Ästhetische Doppelexistenz

Ausstellung „Else Lasker-Schüler. Die Bilder“ in Berlin Für Else Lasker Schüler war die Malerei der Literatur ebenbürtig. Ihre Werke werden nun in Berlin ausgestellt

Die Mehrfachverwertung prominenter Künstler gehört zur Routine im Kulturbetrieb. Pianisten, die in ihrer Freizeit Aphorismen schreiben, werden ebenso bereitwillig zu „Multitalenten“ erklärt wie komponierende Maler oder malende Schriftsteller. Oft genug wird dabei Zweitrangiges in den Rang des Meisterwerks erhoben. Manchmal jedoch führen solche Entdeckungen ins Zentrum des künstlerischen Werks.

Else Lasker-Schüler, die sich selbst eine ästhetische Doppelexistenz als „Tino von Bagdad“ und „Jussuf, Prinz von Theben“ verlieh und mit orientalischer Kleidung angetan durch das Berlin der zwanziger Jahren spazierte, hat die Verwandtschaft von Bild und Schrift von Beginn an zum Ausgangspunkt ihrer künstlerischen Arbeit gemacht. Viele ihrer Gedichte und Prosabände, etwa der Lyrikband Theben von 1923 mit dem Untertitel Gedichte und Bilder oder der Prosaband Mein Herz, ihr 1912 erschienener „Liebesroman mit Bildern und wirklich lebenden Menschen“, enthalten Zeichnungen, Ornamente und Karikaturen, die mehr sind als Illustration. Vielmehr sind sie ebenbürtiger Bestandteil des Werks, dem sie gleichsam als persönliche Gaben der Autorin, als Sediment gestischen Ausdrucks in den Texten, beigefügt sind: Für Else Lasker-Schüler war es mehr als eine Metapher, ihre Bücher als „Geschenke“ zu begreifen.

In einer kleinen, beeindruckenden Schau im Hamburger Bahnhof vermittelt das Frankfurter Jüdische Museum nun in Kooperation mit der Berliner Nationalgalerie einen detaillierten Einblick in das bildnerische Werk der Autorin, in der illustrierte Erstausgaben und Faksimiles ebenso zu sehen sind wie Gelegenheitsarbeiten auf Zetteln oder Postkarten. Dass die Bilder und Zeichnungen Lasker-Schülers dennoch nicht von ihrem literarischen Werk losgelöst werden, gehört zu den Verdiensten der instruktiv kommentierten Ausstellung.

Zum Werk Lasker-Schülers gehörte auch ihr eigenes Leben, das von ihrer Kunst zu trennen sie sich stets geweigert hat. Die Scheichs, „wilden Juden“, Indianer und orientalischen Prinzen, die sich in ihren Texten und Bildern tummeln, sind ebenso wie die Figuren, zu denen sie sich und ihre Freunde stilisierte – Franz Marc wurde ihr zum „blauen Reiter“, Gottfried Benn zu „Giselher dem Tiger“ –, Teilnehmer eines Rollenspiels, das den Begriff der Rolle wie den des Spiels übersteigt. Kunst war für Lasker-Schüler, anders als für die Apologeten einer „Rückführung von Kunst Lebenspraxis“, gerade darin dem Leben ähnlich, dass sie sich auf gesellschaftliche Praxis nicht reduzieren lässt. In diesem Aspekt ist die Affinität ihrer ornamentreichen Bilder zum Ästhetizismus begründet, die ebenso auffällig ist wie die Anleihen bei der kontrastreichen Farbgebung der expressionistischen Malerei.

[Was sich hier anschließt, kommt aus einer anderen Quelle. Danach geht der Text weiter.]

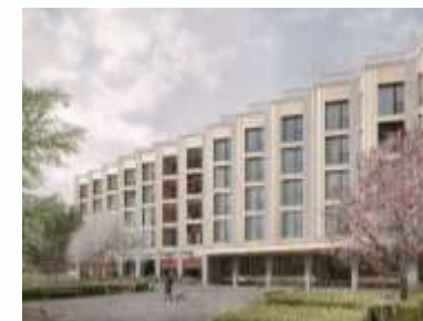
Seniorenzentrum in Winterthur (ZH)

Allerdings unterscheiden sich ihre Arbeiten vom Ästhetizismus durch ihren emphatischen Rekurs auf Kitsch und Kolportage. Wo der Ästhetizismus allenfalls unfreiwillig zum Kitsch werden kann, inszeniert Lasker-Schüler ihre Arbeiten als Produkte einer gleichsam autonom gewordenen Kolportage-Fantasie, wenn sie mit Tusche und Kreide auf billige Materialien wie Postkarten oder Goldfolie zeichnet, oder die Körper ihrer Figuren mit Sternchen verziert. Insofern ist die Schau ein dankenswertes Kontrastprogramm zum Exotismus einer Frida Kahlo. Hier wird keine regressive Sehnsucht inszeniert, sondern der Traum von einem schöneren Leben, das nicht von dieser Welt ist.